In the effort to reach for bigger and bigger portions, many fast-food chains have dumped their old sizes. In the early ’90s, when economists were lamenting the disappearance of the middle class, the medium-sized fries were quietly stricken from the McDonald’s menu.
Large movie chains are downright Orwellian, corrupting the very language of size.
At the local cineplex, a small is really a large. A medium is a Big Gulp. And a large requires an installment plan (Not to mention a strong bladder).
Hoyts is promoting a 64-ounce Coke for $4.55 — with an option for a free refill during the show. You get to keep the cup.
Not suprisingly, the Big Gulp has proved a bottomless well for humorists, who tend to view the phenomenon with a jaundiced eye.
“This drink has an undertow,” said late-night comedian Dennis Miller. “I guess this is for the person who came directly off the surface of the sun and into the 7-Eleven.”
Comedian Louie Anderson pokes fun at the trend’s most appealing attribute: its bargain-creating potential. He describes sheepishly leaving a 7-Eleven with a 55-gallon drum — a purchase, he defensively tells customers, that cost “just a nickel more” than a large.
“There’s a certain bigness that Americans go for,” explains Louise Kramer, who covers the fast-food and beverage beat for Advertising Age. “It’s like the Great American Frontier.”
Making matters worse, a recent study shows that we may not be able to help ourselves.
In what is surely one of the zaniest experiments in the annals of modern science, research psychologist Dianne Engell gave 25 men in their 30s different portions of macaroni and cheese. The men at Natick Labs, an Army facility in Massachusetts, were randomly handed small, medium or large portions. The more they were given, Engell found, the more they ate. Yet they all reported being equally satiated.
The experiment suggests the trend has a potentially unlimited life span.

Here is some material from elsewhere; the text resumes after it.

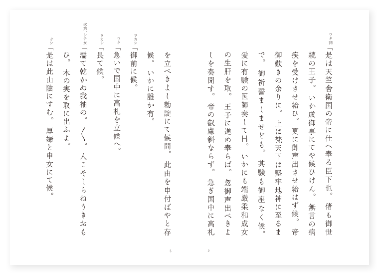 シテ 厚婦 ツレ 母 ツレ 国王 子方 太子 ワキ 臣下 狂言 臣下 所 天竺舎衛国 ワキ詞「是は天竺舎衛国の帝に仕へ奉る臣下也。偖も御世続の王子。いか成御事にてや候ひけん。無言の病疾を受けさせ給ひ。更に御声出させ給はず候。帝御歎きの余りに。上は梵天下は堅牢地神に至るまで。御祈誓ましませども。其験も御座なく候。爰に有験の医師奏して曰。いかにも端厳柔和成女の生肝を取。王子に進め奉らば。忽御声出べきよしを奏聞す。帝の叡慮斜ならず。急ぎ国中に高札を立べきよし勅諚にて候間。此由を申付ばやと存候。いかに誰か有。 ヲカシ「御前に候。 ワキ「急いで国中に高札を立候へ。 ヲカシ「畏て候。 次第、シテ女「濡て乾かぬ我袖の。〳〵。人こそしらねうきおもひ。木の実を取に出ふよ。 サシ「是は此山陰にすむ。厚婦と申女にて候。 詞「偖も妾は老母を持て候が。家貧しければ養ひ難く。おとゞひ共に山に登り。このみを拾ひて孚み候。 詞「けふも又木の実を取に出候。不思議や是に高札の候。立より見ばやと存候。何々。王子の御病気に付。端厳柔和成女人の生肝を。速かに取捧奉る者あらば。望は心に任すべしと也。や。急度思ひ出して候。わらは身を売。此価ひを母に授け申さんと。 歌「思ふ心をたよりにて。帝都にはやく参りけり。〳〵。 詞「いかに奏聞申べき事の候。 ヲカシ「奏聞とはいか成者ぞ。 シテ「是は高札の面に付て参りて候。此よし御申有て給はり候へ。(シカ〴〵) ワキ「何高札に任せ。参りたるとは汝が事か。 シテ「さん候。わらはが事にて候。 ワキ「偖生肝を奉るべきか。 シテ「中々の事。わらはが望みを叶へたまはゞ。生肝を奉り候べし。 ワキ「本来望みは心に任すべしとの勅諚也。偖命にかゑん望みとは。いか成事にて有やらん。 シテ「いや望みと申は余の儀にあらず。老母を一人持て候。此代を母に与へ申度候。 ワキ「偖は親孝行の為にて候な。あら誮の者や候。此由奏聞申べし。暫く待候へ。いかに貧女。上よりの宣旨には。汝親に孝深く君にも忠あり。寔に世に類なき者也。汝がなき跡をば。管絃講にて御弔ひ被成。又望のごとく価ひをも下され。其上母をも世に御立あるべきとの勅諚也。心安く思ひ候へ。 シテ「荒有難や候。今は早思ひ残す事もなく候。さりながら。片時の御暇を給はり候へ。母に今一度対面申たく候。 ワキ「安き間の事。片時の暇ならば得させ候べし。はやばや参り候へ。 シテ「荒嬉しや候。 同「帰る家路の別れをば。〳〵。何をつゝまんから衣。もるゝ涙に目もくれて。それ共更にみえわかぬ。草の庵に帰りけり。〳〵。 母、サシ「白雲山を帯て。人煙を隔つれば。訪ひ来る人もなく。蒼苔露深ふして。洞門に茂れども。憐み給ふ人もなし。実や人の親の。子を思ふ程。子は親を思はず。荒心許なや候。 シテ詞「いかに母上のましますか。厚婦が帰て候。 母詞「何とて遅く帰りたるぞ。わらは御身を待わびたり。世に人を待ほどくるしき物はなきに。ましてや是はおもひ子の。母が心をおもひやれ。 詞「偖今までは焉くに有けるぞ。 シテ詞「さん候。山路に踏迷ひ行方を忘れ。さて遅はりて候。又かゝる目出度物の候程に。取て帰候。是々御覧候へ。 母「荒嬉しや候。是も偏に御身の孝を感じ。天のあたへ給ふ所也。 同「是に付ても厚祇が尋兼てや居たるならん。荒心元なやと。打詫給ふ御有様。厚婦は心苦しくて。忍び涙は塞敢ず。 ワキカヽル「角て時刻も移り行ば。貧女遅しと官人は。厚婦が扉に声立て。はや〴〵出給へとよ。 母「母は思ひの外なれば。唯茫然とあきれ居たり。 シテ「厚婦はつつめど。漏る涙にせかれつゝ。声をもたてず泣居たり。 同「母は涙の下よりも。〳〵。思ひ合せしかねごと。齢ひ傾く母が身を。養はん其為に。身を売り給ふか恨めしや。縦ひ珍宝積たりと。子には争か増るべき。誠孝行たるべくば。老たる母にはつかへもせで。かく憂目をば見せ給ふ。千金もよしなしと。倒れ臥てぞ泣ゐたる。〳〵。 クリ、地「実や碧緑の紺青の髪筋も。終には所在の芝にまとひ。荘厳柔和の姿も。又路辺の。芥骨となる。 サシ「生ずる者は必ず滅す。釈尊も末栴檀の煙をまぬかれず。 地、同「楽みつき悲み来る。天人も猶五衰の日に逢り。 シテ「増てや人身を受ながら。生死の別れ思はざらん。 地、同「焼野の雉子夜の鶴。梁の燕も。子には別れを。催ほせり。 クセ「況んや人の親として。子を思ふ事浅からず。仮初に別れしだに。待遠に思ひしに。又何の世に逢べき。老たる母を残し置。先だち給ふ御身は。恨めしや今日計。明日はたれにか問るべき。それのみならず。厚祇が。山よりかへりて。歎かん事も不便なり。一方ならぬおもひに。沈む事の悲しやと。暫し消いり給へば。 シテ「その時なみだながらに厚婦は。母をいさめ申やう。 同「是とても前世の。宿業とおぼしめし。さのみ歎かせ給ふなよ。今あひ別れ申共。かならずながき浄土にて。廻り逢べし。生死不定のさかひなれば。何に愛着の留まらん

Which begs the question: Will we supersize ourselves indefinitely — sort of a fast-food version of manifest destiny?
Once again, the experience of the Gulp is instructive.
In Canada, 7-Eleven once tried to outdo its gargantuan 64-ounce Double Gulp. Fueled by hubris, perhaps, or giddiness with the possibilities of the metric system, 7-Eleven officials introduced a 3-liter plastic bucket, a veritable Babel of beverage.
It flopped faster than New Coke.
“Can you imagine 3 liters of soda?” asks Potts of the Southland Corp. “It’s cumbersome. You can’t really drink out of it. It’s a damn bucket.”
Of course, that’s what they said back when the Gulp was first introduced in 1975.
A lot has changed since then. Bigness, it seems, is everywhere — in convenience stores, supermarkets and fast-food chains.
In Torrance, the place where it all began, residents may finally be learning of their hometown’s place in soft-drink lore.
“I’m going to tell the Torrance Historical Society all about it,” said Torrance Mayor Dee Hardison. “We might want to add the Big Gulp to a little corner of our museum.”